* [WHAT YOU WILL DO] The whole listing should come back exactly as written, except for the pictures.

** Opening MATERIAL PROVIDED block **

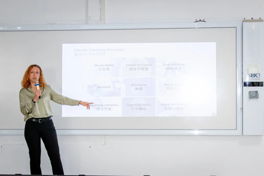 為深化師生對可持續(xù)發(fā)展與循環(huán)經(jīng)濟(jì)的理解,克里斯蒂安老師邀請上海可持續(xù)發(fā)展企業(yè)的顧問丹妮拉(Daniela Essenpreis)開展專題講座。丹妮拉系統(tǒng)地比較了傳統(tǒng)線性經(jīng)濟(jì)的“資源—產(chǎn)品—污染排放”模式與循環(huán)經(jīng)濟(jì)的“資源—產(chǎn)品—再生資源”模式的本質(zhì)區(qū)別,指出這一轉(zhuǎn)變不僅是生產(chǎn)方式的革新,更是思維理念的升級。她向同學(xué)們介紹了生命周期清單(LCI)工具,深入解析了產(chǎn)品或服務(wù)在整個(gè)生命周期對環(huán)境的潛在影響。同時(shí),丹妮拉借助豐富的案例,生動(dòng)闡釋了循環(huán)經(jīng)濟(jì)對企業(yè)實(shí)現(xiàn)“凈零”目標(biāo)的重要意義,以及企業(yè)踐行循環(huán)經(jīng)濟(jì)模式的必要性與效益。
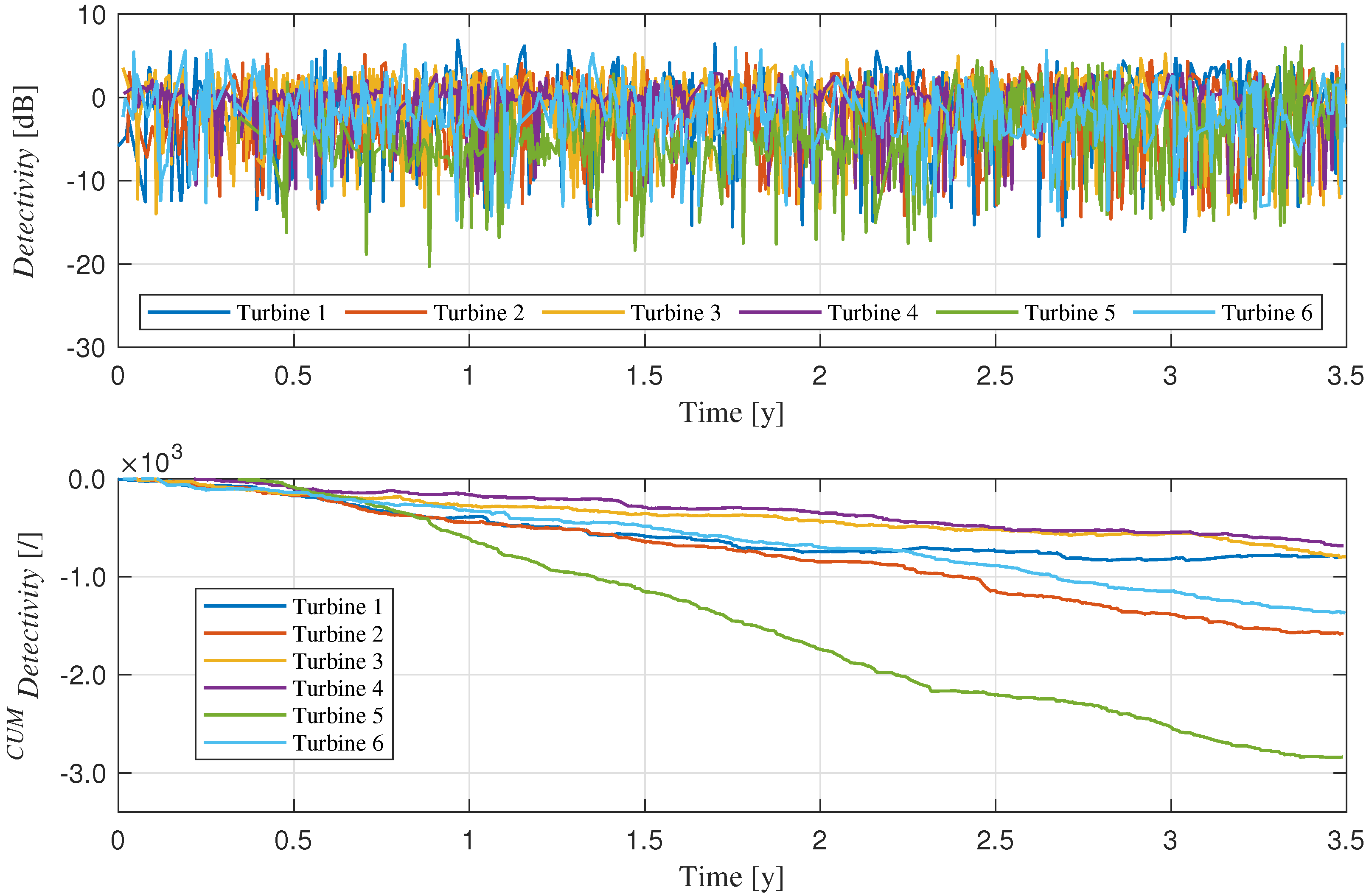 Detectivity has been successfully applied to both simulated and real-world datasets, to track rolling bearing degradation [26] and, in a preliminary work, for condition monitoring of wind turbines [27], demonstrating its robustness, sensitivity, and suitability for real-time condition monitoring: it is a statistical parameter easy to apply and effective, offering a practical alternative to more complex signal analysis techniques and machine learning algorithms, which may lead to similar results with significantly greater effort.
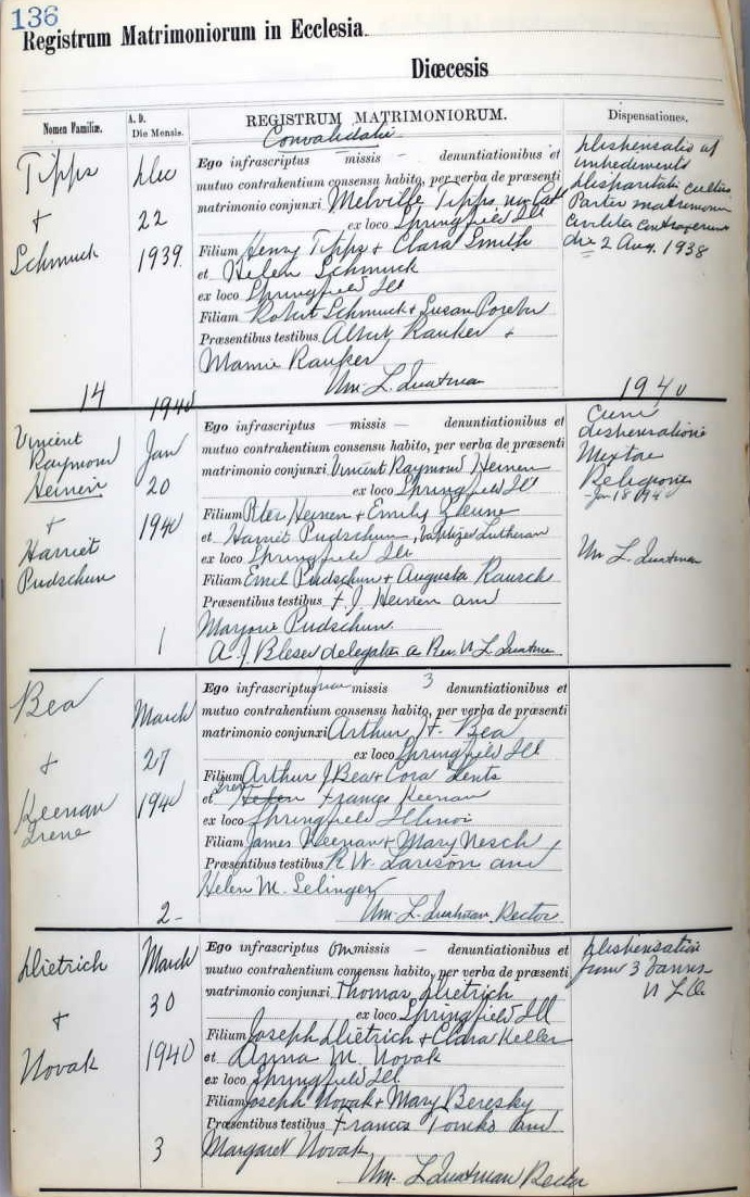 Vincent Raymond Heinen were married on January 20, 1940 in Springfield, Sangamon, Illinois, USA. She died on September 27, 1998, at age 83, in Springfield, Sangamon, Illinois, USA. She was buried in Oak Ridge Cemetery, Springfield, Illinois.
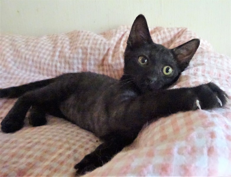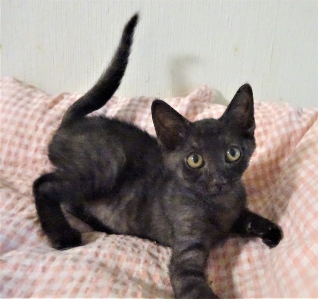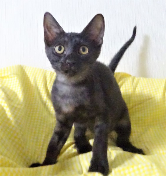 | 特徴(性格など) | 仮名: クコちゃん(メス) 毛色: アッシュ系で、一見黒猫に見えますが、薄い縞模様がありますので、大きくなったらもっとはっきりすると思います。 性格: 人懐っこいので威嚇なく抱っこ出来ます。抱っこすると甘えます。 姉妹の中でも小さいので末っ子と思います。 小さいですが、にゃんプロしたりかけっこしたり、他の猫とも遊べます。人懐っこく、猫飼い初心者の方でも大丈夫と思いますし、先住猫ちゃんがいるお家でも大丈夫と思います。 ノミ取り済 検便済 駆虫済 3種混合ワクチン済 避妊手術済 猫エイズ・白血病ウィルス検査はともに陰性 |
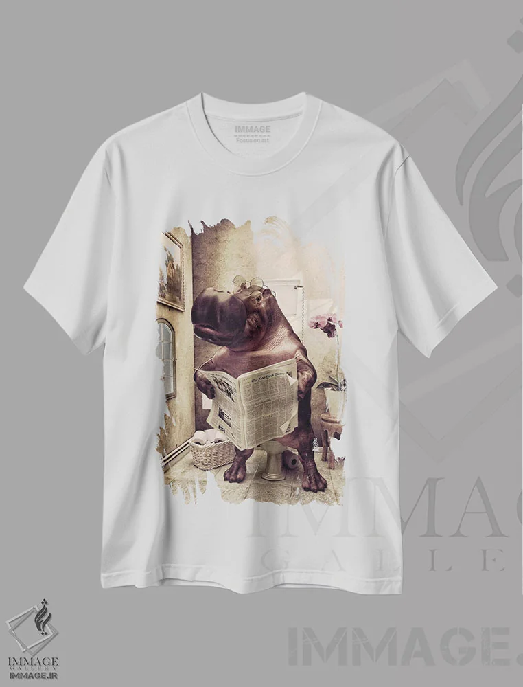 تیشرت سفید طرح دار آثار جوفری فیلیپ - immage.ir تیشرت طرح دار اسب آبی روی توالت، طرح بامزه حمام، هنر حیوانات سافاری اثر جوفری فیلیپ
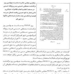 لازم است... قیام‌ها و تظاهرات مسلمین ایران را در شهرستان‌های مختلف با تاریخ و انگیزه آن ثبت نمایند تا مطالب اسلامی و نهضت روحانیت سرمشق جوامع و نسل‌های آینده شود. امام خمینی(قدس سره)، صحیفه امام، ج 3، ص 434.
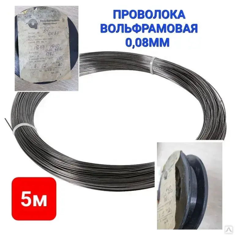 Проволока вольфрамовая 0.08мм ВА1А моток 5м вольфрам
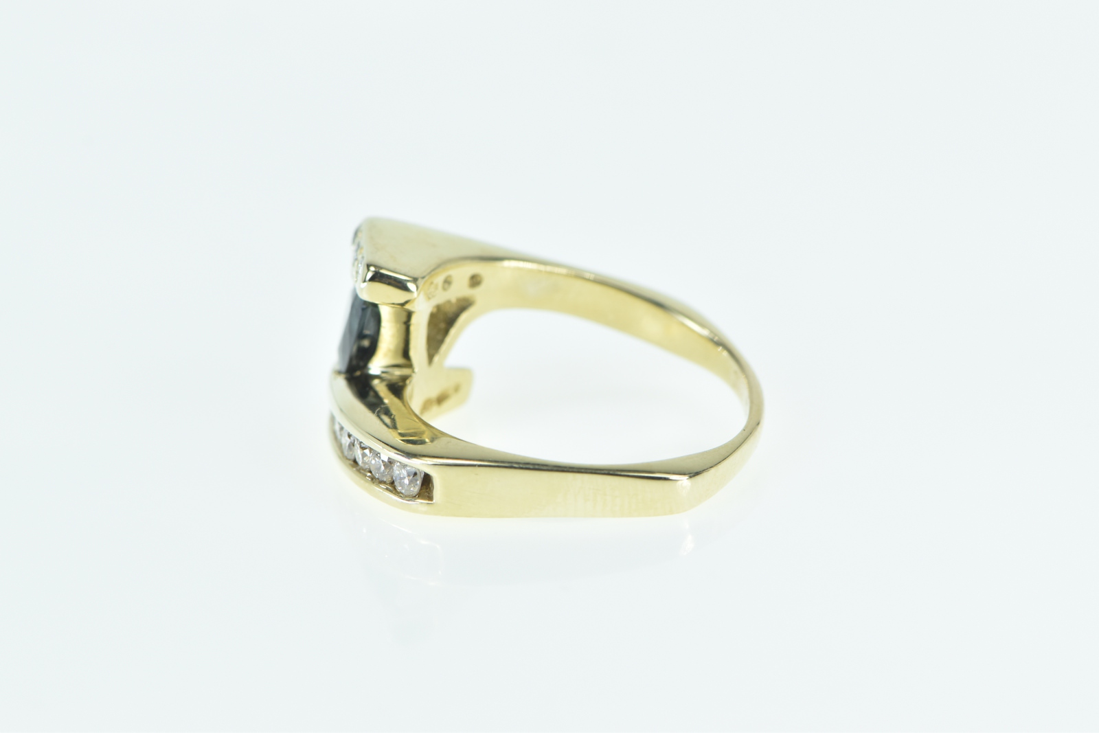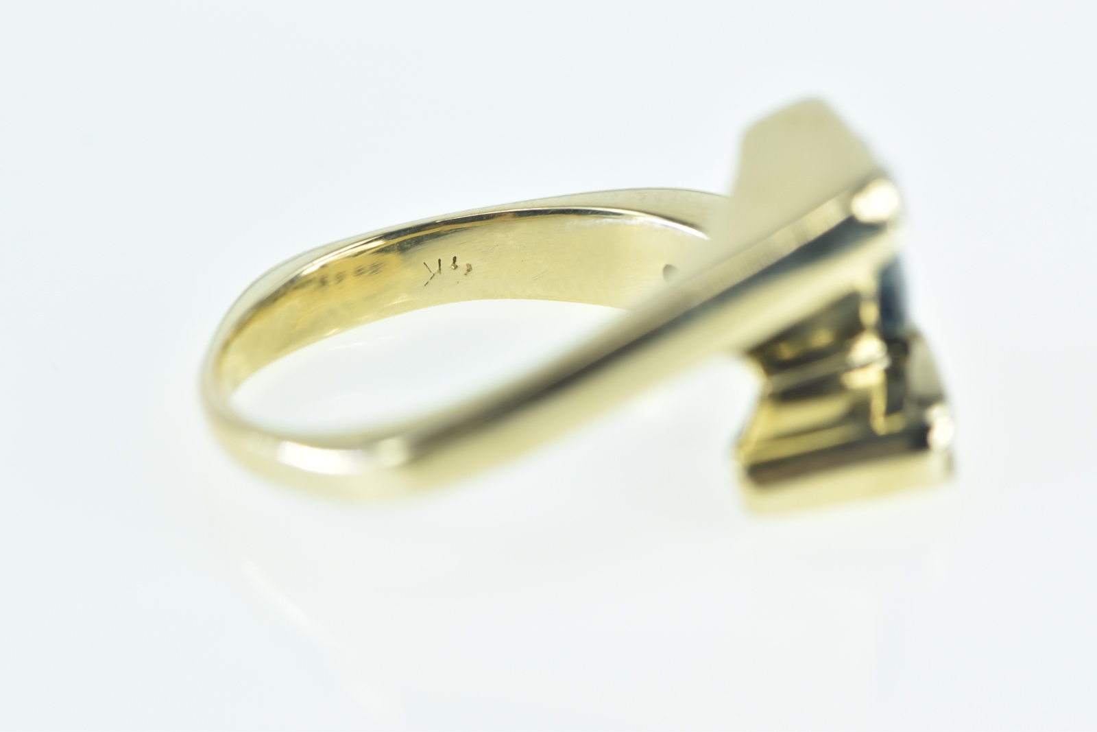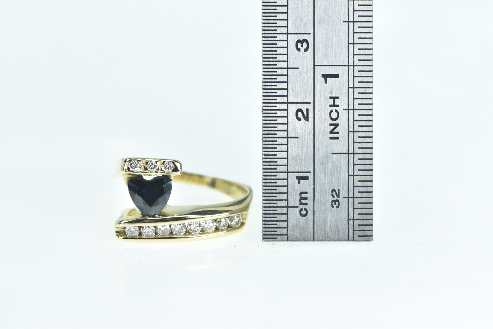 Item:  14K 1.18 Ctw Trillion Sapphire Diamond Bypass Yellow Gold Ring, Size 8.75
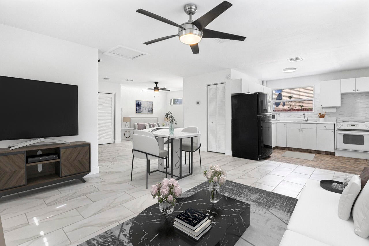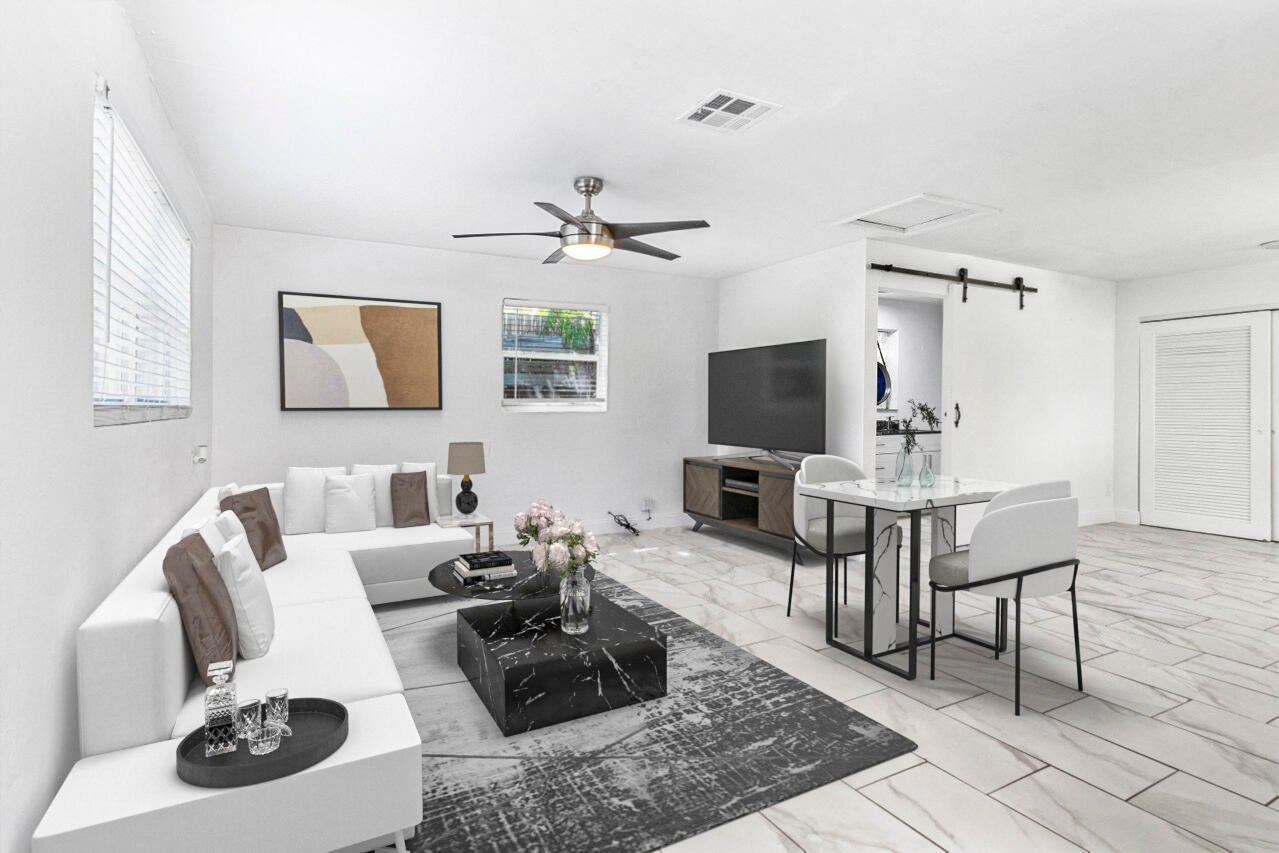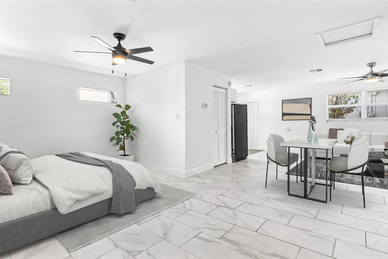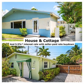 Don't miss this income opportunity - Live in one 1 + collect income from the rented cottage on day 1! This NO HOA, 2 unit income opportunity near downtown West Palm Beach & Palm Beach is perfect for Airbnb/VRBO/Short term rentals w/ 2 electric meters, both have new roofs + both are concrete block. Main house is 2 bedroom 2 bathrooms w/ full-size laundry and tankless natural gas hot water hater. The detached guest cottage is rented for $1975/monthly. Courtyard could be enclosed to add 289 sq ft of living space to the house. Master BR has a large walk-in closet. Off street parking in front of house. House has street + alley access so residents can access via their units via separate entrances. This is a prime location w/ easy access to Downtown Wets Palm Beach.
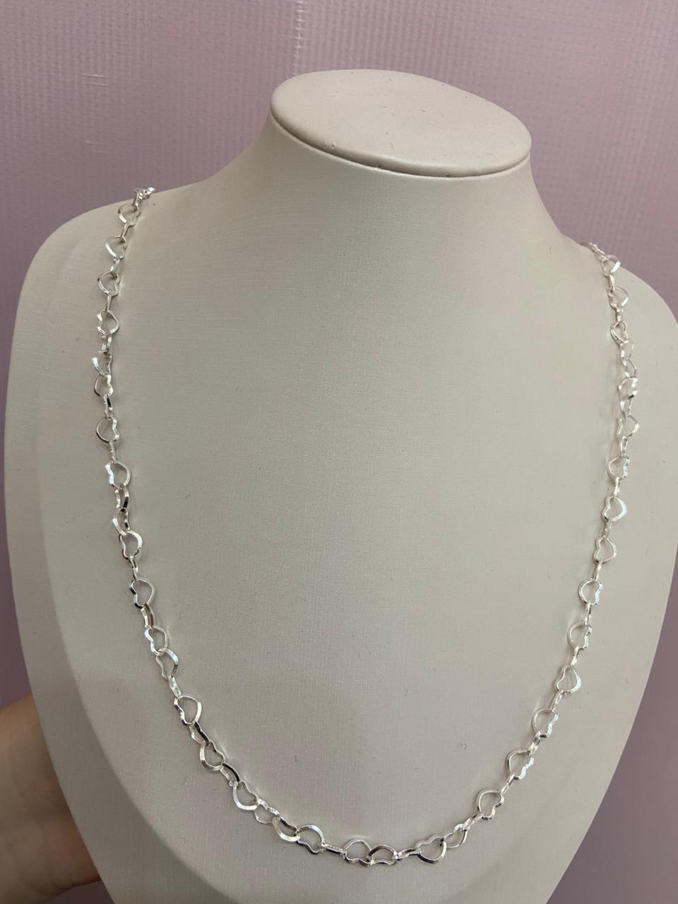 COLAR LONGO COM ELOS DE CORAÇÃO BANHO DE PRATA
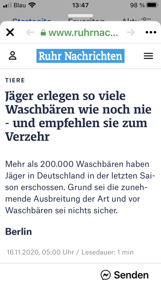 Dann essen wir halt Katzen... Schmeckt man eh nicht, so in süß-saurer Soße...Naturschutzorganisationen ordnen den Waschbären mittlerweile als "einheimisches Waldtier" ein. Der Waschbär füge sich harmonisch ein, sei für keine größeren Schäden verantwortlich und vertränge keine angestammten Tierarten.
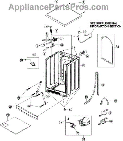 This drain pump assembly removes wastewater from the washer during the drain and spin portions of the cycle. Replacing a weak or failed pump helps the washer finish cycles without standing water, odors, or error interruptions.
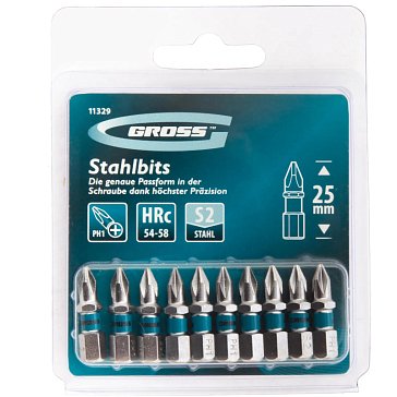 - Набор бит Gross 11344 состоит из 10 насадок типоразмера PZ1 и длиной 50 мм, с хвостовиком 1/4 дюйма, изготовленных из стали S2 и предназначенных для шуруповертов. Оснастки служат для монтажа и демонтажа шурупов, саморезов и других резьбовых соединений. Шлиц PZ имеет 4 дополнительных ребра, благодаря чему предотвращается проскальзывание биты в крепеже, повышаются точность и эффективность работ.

** Closing MATERIAL PROVIDED block **

* [EXERCISE ANSWER]
 為深化師生對可持續(xù)發(fā)展與循環(huán)經(jīng)濟(jì)的理解,克里斯蒂安老師邀請上海可持續(xù)發(fā)展企業(yè)的顧問丹妮拉(Daniela Essenpreis)開展專題講座。丹妮拉系統(tǒng)地比較了傳統(tǒng)線性經(jīng)濟(jì)的“資源—產(chǎn)品—污染排放”模式與循環(huán)經(jīng)濟(jì)的“資源—產(chǎn)品—再生資源”模式的本質(zhì)區(qū)別,指出這一轉(zhuǎn)變不僅是生產(chǎn)方式的革新,更是思維理念的升級。她向同學(xué)們介紹了生命周期清單(LCI)工具,深入解析了產(chǎn)品或服務(wù)在整個(gè)生命周期對環(huán)境的潛在影響。同時(shí),丹妮拉借助豐富的案例,生動(dòng)闡釋了循環(huán)經(jīng)濟(jì)對企業(yè)實(shí)現(xiàn)“凈零”目標(biāo)的重要意義,以及企業(yè)踐行循環(huán)經(jīng)濟(jì)模式的必要性與效益。
 Detectivity has been successfully applied to both simulated and real-world datasets, to track rolling bearing degradation [26] and, in a preliminary work, for condition monitoring of wind turbines [27], demonstrating its robustness, sensitivity, and suitability for real-time condition monitoring: it is a statistical parameter easy to apply and effective, offering a practical alternative to more complex signal analysis techniques and machine learning algorithms, which may lead to similar results with significantly greater effort.
 Vincent Raymond Heinen were married on January 20, 1940 in Springfield, Sangamon, Illinois, USA. She died on September 27, 1998, at age 83, in Springfield, Sangamon, Illinois, USA. She was buried in Oak Ridge Cemetery, Springfield, Illinois.
 | 特徴(性格など) | 仮名: クコちゃん(メス) 毛色: アッシュ系で、一見黒猫に見えますが、薄い縞模様がありますので、大きくなったらもっとはっきりすると思います。 性格: 人懐っこいので威嚇なく抱っこ出来ます。抱っこすると甘えます。 姉妹の中でも小さいので末っ子と思います。 小さいですが、にゃんプロしたりかけっこしたり、他の猫とも遊べます。人懐っこく、猫飼い初心者の方でも大丈夫と思いますし、先住猫ちゃんがいるお家でも大丈夫と思います。 ノミ取り済 検便済 駆虫済 3種混合ワクチン済 避妊手術済 猫エイズ・白血病ウィルス検査はともに陰性 |
 تیشرت سفید طرح دار آثار جوفری فیلیپ - immage.ir تیشرت طرح دار اسب آبی روی توالت، طرح بامزه حمام، هنر حیوانات سافاری اثر جوفری فیلیپ
 لازم است... قیام‌ها و تظاهرات مسلمین ایران را در شهرستان‌های مختلف با تاریخ و انگیزه آن ثبت نمایند تا مطالب اسلامی و نهضت روحانیت سرمشق جوامع و نسل‌های آینده شود. امام خمینی(قدس سره)، صحیفه امام، ج 3، ص 434.
 Проволока вольфрамовая 0.08мм ВА1А моток 5м вольфрам
 Item:  14K 1.18 Ctw Trillion Sapphire Diamond Bypass Yellow Gold Ring, Size 8.75
 Don't miss this income opportunity - Live in one 1 + collect income from the rented cottage on day 1! This NO HOA, 2 unit income opportunity near downtown West Palm Beach & Palm Beach is perfect for Airbnb/VRBO/Short term rentals w/ 2 electric meters, both have new roofs + both are concrete block. Main house is 2 bedroom 2 bathrooms w/ full-size laundry and tankless natural gas hot water hater. The detached guest cottage is rented for $1975/monthly. Courtyard could be enclosed to add 289 sq ft of living space to the house. Master BR has a large walk-in closet. Off street parking in front of house. House has street + alley access so residents can access via their units via separate entrances. This is a prime location w/ easy access to Downtown Wets Palm Beach.
 COLAR LONGO COM ELOS DE CORAÇÃO BANHO DE PRATA
 Dann essen wir halt Katzen... Schmeckt man eh nicht, so in süß-saurer Soße...Naturschutzorganisationen ordnen den Waschbären mittlerweile als "einheimisches Waldtier" ein. Der Waschbär füge sich harmonisch ein, sei für keine größeren Schäden verantwortlich und vertränge keine angestammten Tierarten.
 This drain pump assembly removes wastewater from the washer during the drain and spin portions of the cycle. Replacing a weak or failed pump helps the washer finish cycles without standing water, odors, or error interruptions.
 - Набор бит Gross 11344 состоит из 10 насадок типоразмера PZ1 и длиной 50 мм, с хвостовиком 1/4 дюйма, изготовленных из стали S2 и предназначенных для шуруповертов. Оснастки служат для монтажа и демонтажа шурупов, саморезов и других резьбовых соединений. Шлиц PZ имеет 4 дополнительных ребра, благодаря чему предотвращается проскальзывание биты в крепеже, повышаются точность и эффективность работ.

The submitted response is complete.